Cabe destacar que o que se busca com a colaboração premiada o alcance da verdade real dos fatos e, ainda, no caso da operação lava jato, alguns dos resultados previstos no Art. 4º da Lei nº 12.850/2013, o que independe da quantidade de mentiras ou verdades ditas pelo colaborador, sendo que se algumas das verdades possibilitar que da colaboração advenha um ou mais dos resultados previstos na referida lei, poderá o juiz beneficiar o colaborador de acordo com a relevância da colaboração prestada.
Assim, o fato de ocorrer omissão no depoimento do colaborador não tem o condão de anular a prova decorrente da colaboração premiada, interferindo somente na aplicação dos benefícios cabíveis em cotejo com a relevância da colaboração prestada.

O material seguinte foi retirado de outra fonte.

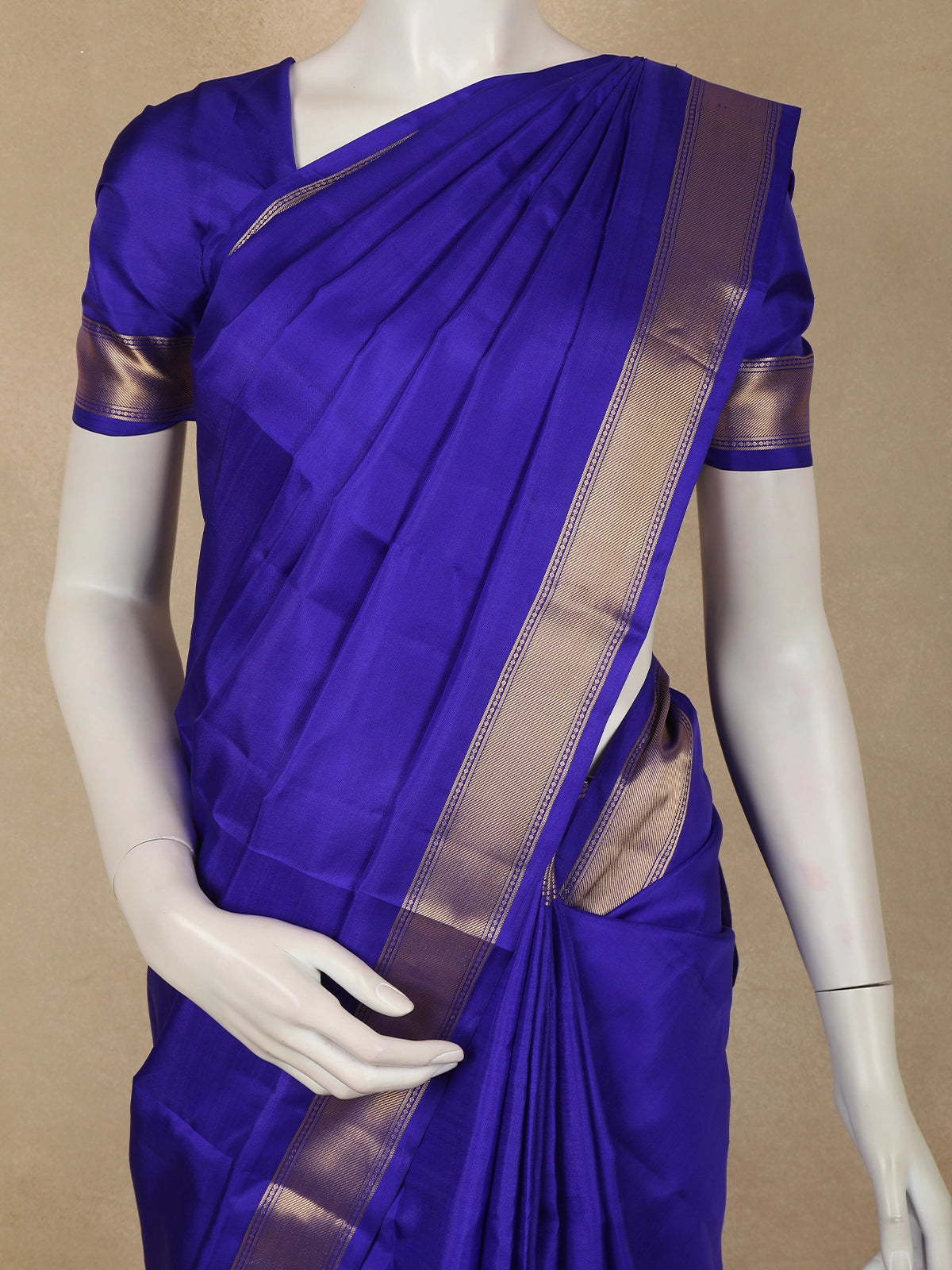 The saree is beautifully finished with a traditional gold zari border, intricately woven to add a regal contrast and highlight the grandeur of the silk. The solid body allows the richness of the fabric and the precision of the zari work to take center stage, making it a versatile choice for both grand and minimal styling.

Importante frisar, para afastar qualquer tipo de ilação acerca da colaboração premiada no que pertine à possibilidade de que inocentes venham a ser condenados em decorrência dos depoimentos do colaborador, que o juiz não poderá condenar ninguém com fundamento apenas nas declarações do agente colaborador, razão pela qual não há que se temer condenações injustas e sem contexto fático com aquilo que fora objeto da colaboração premiada.
Portanto, não há óbice para que várias declarações sejam levadas em consideração para a valoração da colaboração premiada, ressaltando que a declaração do colaborador que tenha partes maculadas pela carência da verdade não tem o condão de atingir o instituto da colaboração premiada se da declaração se abstrai fatos considerados verdadeiros e que possam contribuir para o alcance das finalidades previstas na lei para o desmantelamento da organização criminosa.
Assim, só tem interesse em desprezar a colaboração daqueles que conhecem o esquema e dispõem-se a denunciar os coautores e partícipes, os criminosos engravatados que participam ativamente do crime organizado, o qual tem ampla penetração nas entranhas estatais e possui condições de desestabilizar qualquer democracia, não havendo possibilidade de combater o crime organizado, com eficiência, sem a efetividade do instituto da colaboração premiada.